Incubate the Petri dishes at desired environmental conditions (light and temperature) placing the dish upside down, so that water drops will not form on the lid and then fall on the culture. Don’t forget to label the dish! Depending on the density of the inoculum, the algal cells will grown enough to form colonies on the surface after 5 - 21 days

Once algal colonies are observed, take a sample by means of a sterile platinum hook and check under the microscope. Since different colonies on this first streak plate often tend to grow together, it is difficult to pick off colonies with only one species. You may have to scrape some colonies off the first plate and re-streak them on a second plate in order to get good separation.

transfer pure colony into a test tube filled with 5-10 ml of culture medium and shake it regularly during incubation on an illuminated glass rack. When a color change is observed in the tube, check under the microscope the isolated algal strain Subculture these cells about once a week in order to keep them healthy.

2. Dilution method Materials 10 screw capped test tubes filled with 9 ml of algal culture medium. Safety cabinet. Bunsen burner Sterilized 1-ml tip box

Procedure Use the test tubes filled with 9 ml of F/2 medium prepared in the last lab. number the tubes from 1 to 10. Put the test tube containing the strain to be diluted in the biological safety cabinet, remove the cap and flame its neck. Using a sterilized 1 ml-pipette take 1 ml from the initial contaminated strain culture prepared in the previous lab. and add it to the tube No. 1, then stir gently.

Using a new sterile 1 ml-pipette repeat the previous step by taking 1-mlinoculum from tube No. 1 and inoculate it into tube No. 2; Repeat the same procedure with the remaining tubes, each time pipetting 1 ml from the previous tube (gently stirred) into the next one; flame necks and caps them); Keep under controlled environmental conditions.

When cell growth reappears : check samples of the tubes under the microscope get rid of the tubes that are still contaminated ( typically the initial ones) keep only the purified cultures (usually in the more diluted tubes).

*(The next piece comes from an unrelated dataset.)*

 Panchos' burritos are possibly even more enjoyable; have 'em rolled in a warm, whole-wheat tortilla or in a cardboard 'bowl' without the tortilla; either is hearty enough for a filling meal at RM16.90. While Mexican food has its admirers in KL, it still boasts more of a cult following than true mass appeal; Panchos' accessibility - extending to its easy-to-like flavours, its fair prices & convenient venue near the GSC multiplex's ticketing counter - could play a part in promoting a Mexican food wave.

Repeat the process using the last dilutions if necessary, and in any case at least every three months to always have a safe amount of purified cultures ready at hand.

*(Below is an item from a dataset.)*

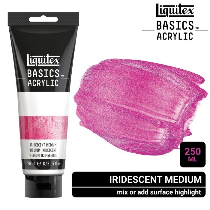 Liquitex Basics Iridescent Acrylic Medium adalah media campuran cat acrylic yang memberikan sentuhan iridescent (berkilauan seperti pelangi) pada cat akrilik. Cocok untuk pemula hingga professional, dapat dicampur dengan cat untuk menciptakan efek kilau yang halus dan elegan, atau digunakan secara langsung sebagai lapisan atas untuk menambahkan highlight yang memukau.

3. Picking up method (Capillary method): This technique follows the dilution method, but the inoculum is obtained by selecting single cells of the desired species by means of a capillary pipette handled under a microscope. The isolation or purification of cultured strains should be repeated as many times as required to produce contaminant-free cultures.

Materials Pasteur pipette Inverted and/dissecting microscopes Microscopic slides Bunsen burner Forceps

Preparation of a micropipette from a Pasteur pipette. The Pasteur pipette is held in the hottest region of the flame, supported on the left by a hand and on the right by forceps. The pipette should be rotated as the glass is heated to a soft, pliable condition. When the glass is soft, the pipette is quickly removed from the flame with a gentle pull to produce a thin tube. The forceps is then relocated to the appropriate region of the thin tube.

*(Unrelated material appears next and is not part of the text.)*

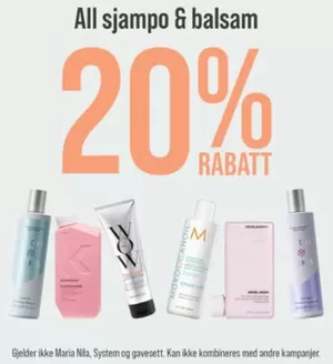 20 % på all sjampo og balsam hos Nikita Hair

The forceps is used to gently bend the thin area so that it breaks, forming a micropipette. An enlarged tip of a micropipette, showing a jagged break; this tip is not suitable for use. An enlarged tip with a very smooth break; this tip is suitable for use. Note that the diameter of the tip is larger than the flagellate cell (bearing microscopic scales), thus reducing the probability of shearing as the cell enters the micropipette during isolation.